▶ What the exercise asks
Repeat exactly, and only, the lines from the line bearing "根据指标声量和指标满意度,我" through the end of the material. Do not copy the pictures.

————————

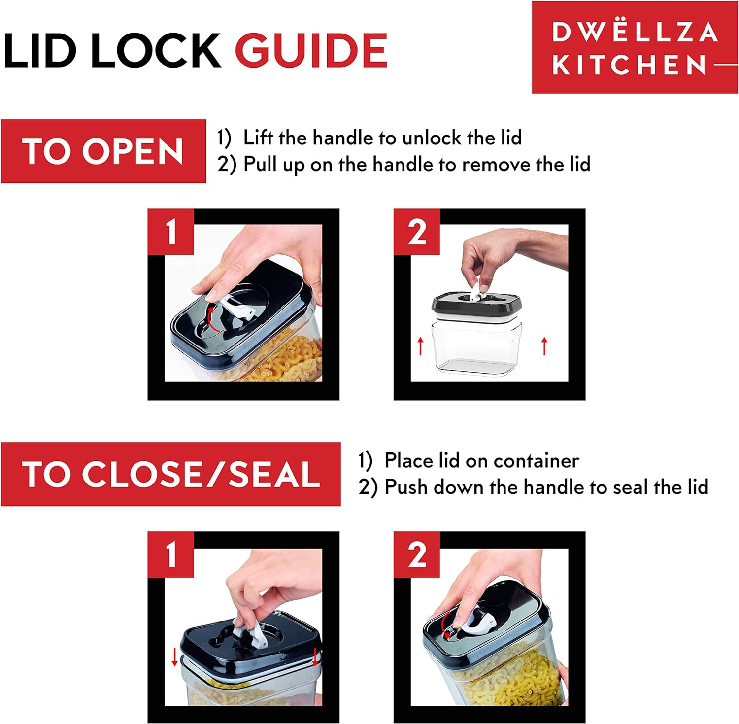 - Enjoy Your Meal With Fresh Food: Keep your foods fresh with our very easy to use airtight lid-lock mechanism. No dealing with flimsy pumps. Our food storage containers create an airtight seal by simply pushing down the ring on the lid. Lift the ring and push up whenever you want to open the containers.
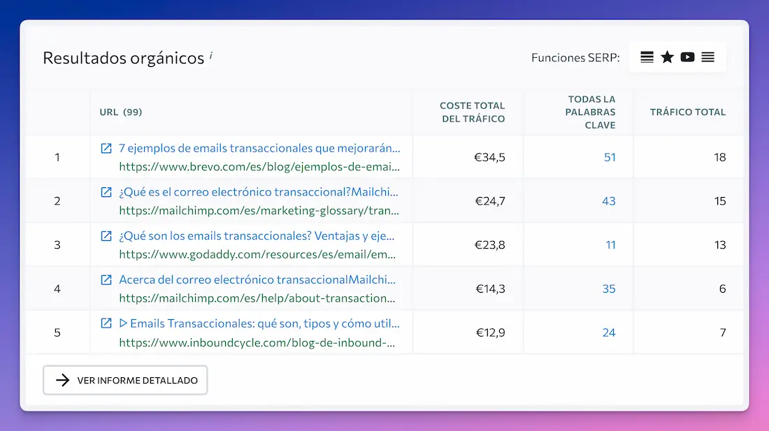 Investigacion de palabras clave con SERanking Resultados organicos Detalle
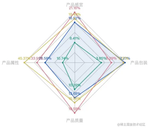 根据指标声量和指标满意度,我们可以将产品指标分为强势区、维持区、改善区和次改善区;强势区指标声量高且指标满意度高于80%,是产品的优势点;维持区指标相对不高,消费者关注度偏低,但满意度高于80%,改善区表示指标声量高于中位数,且满意度指标低于80%,企业需要重点关注并改进,次改善区满意度指标低于80%,声量相对偏低,但同样不容忽视。
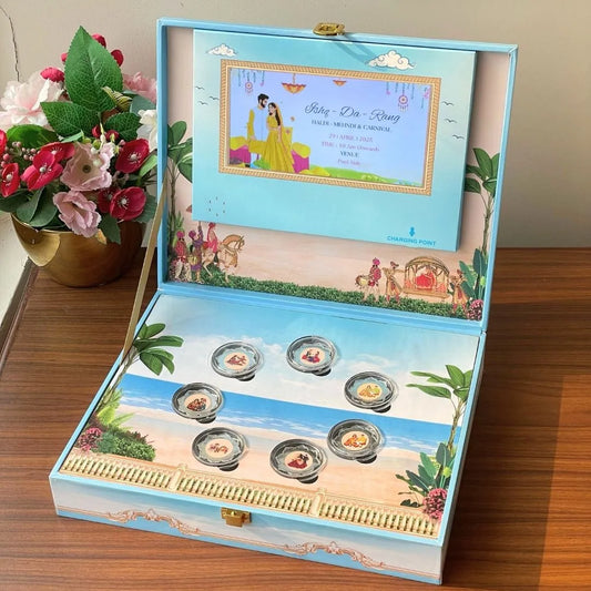 Shubh Vivah Blue Wedding Coin Box, UV Printed, Square Shape, Set of 5 Coins (10 Gram Each), 999 Purity Silver Coin – Ready to Ship
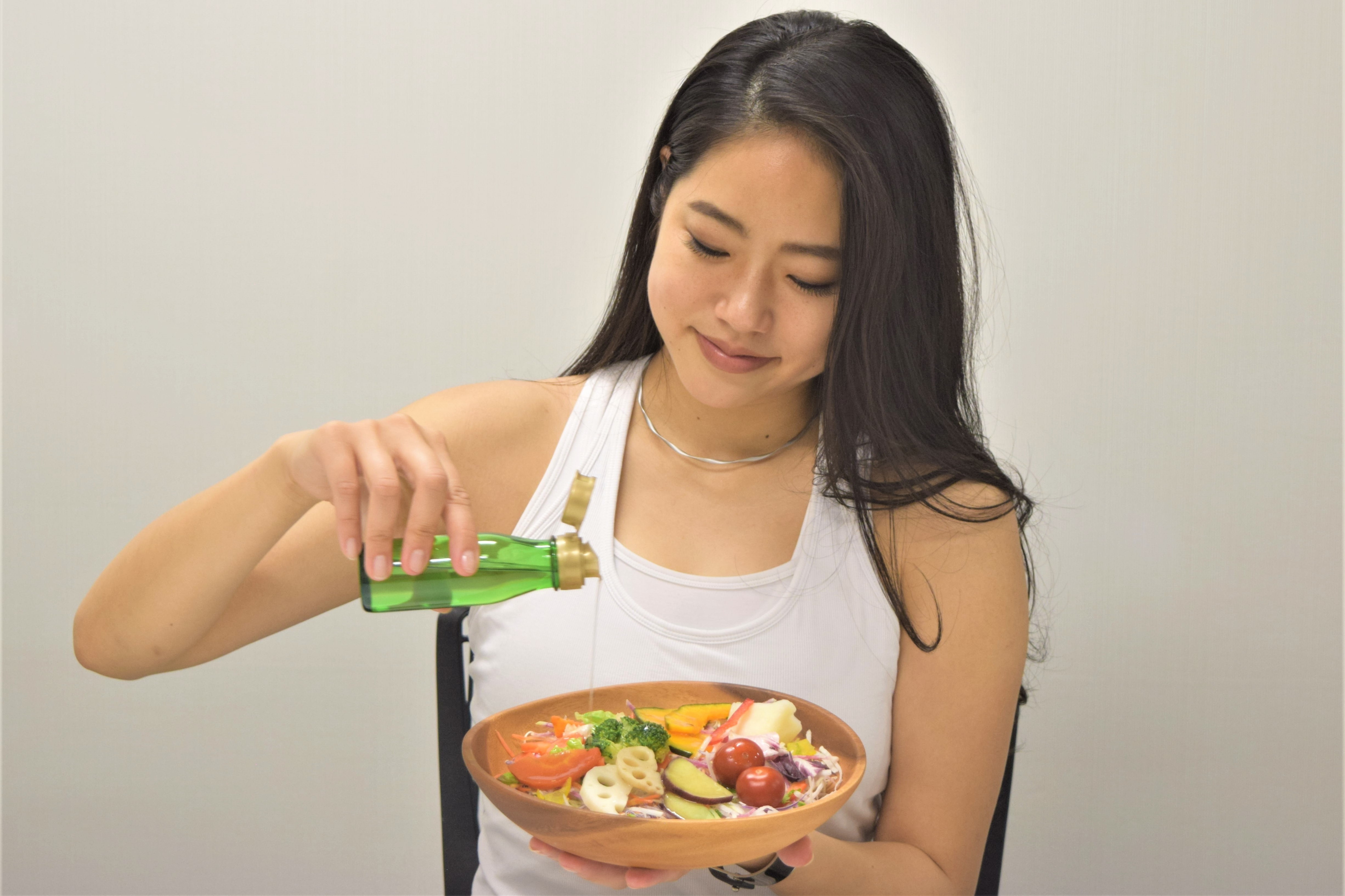 運動や食事において、目的がダイエットであっても生活習慣病予防であっても、大切なことは無理なく続けられることです。私のライフワークであるヨガも、1日1分でも続けてもらうことの大切さを伝えています。食事は、良質な脂質を選ぶことが大切です。MCTオイルは自らの体で効率よくエネルギーを作り出せ、カラダに脂肪として蓄積しにくい良質な油です。無味無臭でどんな食事にも合わせやすく、サラダやお味噌汁のほか「毎日続けられるMCTレシピ」など、日々の食事で使っています。無理なく続け、MCTとともにライフスタイルを変えていきましょう。
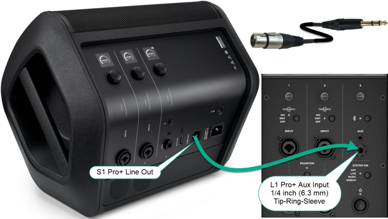 Use an XLR cable (e.g., microphone cable) to connect the S1 Pro+ Line Out to L1 Pro channel 1 or 2.
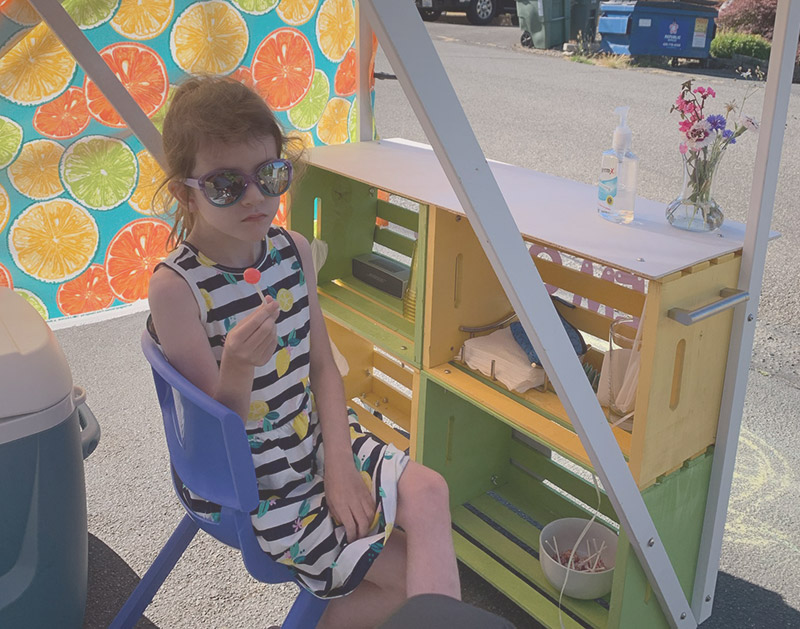 During the summer months, I enjoy selling lemonade from my mobile lemonade stand. The fresh strawberry puree upgrade is very popular, and every visitor receives a free lollipop! After the Hawaii Maui fires in 2023, I donated all profits to help Maui pets and animals in need.
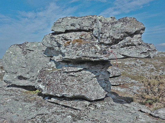 Associados à pseudoestratificação, ocorrem neste MNL alguns blocos graníticos mais salientes na sua parte superior do que na sua base (Fig. 4.15). Estas geoformas, chamadas de blocos em pedestal, têm origem nas meteorização e erosão mais intensas na parte inferior dos blocos pseudoestratificados.
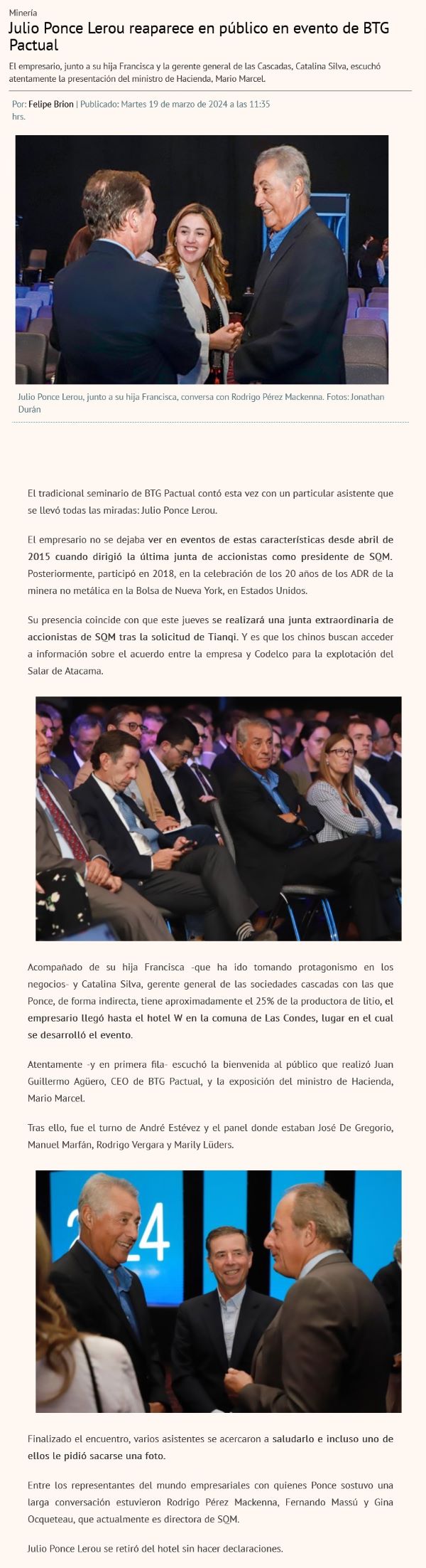 Julio Ponce reaparece en seminario de BTG junto a la hija que encabeza sus negocios - (La Tercera Online)

————————

▶ The completed task
 根据指标声量和指标满意度,我们可以将产品指标分为强势区、维持区、改善区和次改善区;强势区指标声量高且指标满意度高于80%,是产品的优势点;维持区指标相对不高,消费者关注度偏低,但满意度高于80%,改善区表示指标声量高于中位数,且满意度指标低于80%,企业需要重点关注并改进,次改善区满意度指标低于80%,声量相对偏低,但同样不容忽视。
 Shubh Vivah Blue Wedding Coin Box, UV Printed, Square Shape, Set of 5 Coins (10 Gram Each), 999 Purity Silver Coin – Ready to Ship
 運動や食事において、目的がダイエットであっても生活習慣病予防であっても、大切なことは無理なく続けられることです。私のライフワークであるヨガも、1日1分でも続けてもらうことの大切さを伝えています。食事は、良質な脂質を選ぶことが大切です。MCTオイルは自らの体で効率よくエネルギーを作り出せ、カラダに脂肪として蓄積しにくい良質な油です。無味無臭でどんな食事にも合わせやすく、サラダやお味噌汁のほか「毎日続けられるMCTレシピ」など、日々の食事で使っています。無理なく続け、MCTとともにライフスタイルを変えていきましょう。
 Use an XLR cable (e.g., microphone cable) to connect the S1 Pro+ Line Out to L1 Pro channel 1 or 2.
 During the summer months, I enjoy selling lemonade from my mobile lemonade stand. The fresh strawberry puree upgrade is very popular, and every visitor receives a free lollipop! After the Hawaii Maui fires in 2023, I donated all profits to help Maui pets and animals in need.
 Associados à pseudoestratificação, ocorrem neste MNL alguns blocos graníticos mais salientes na sua parte superior do que na sua base (Fig. 4.15). Estas geoformas, chamadas de blocos em pedestal, têm origem nas meteorização e erosão mais intensas na parte inferior dos blocos pseudoestratificados.
 Julio Ponce reaparece en seminario de BTG junto a la hija que encabeza sus negocios - (La Tercera Online)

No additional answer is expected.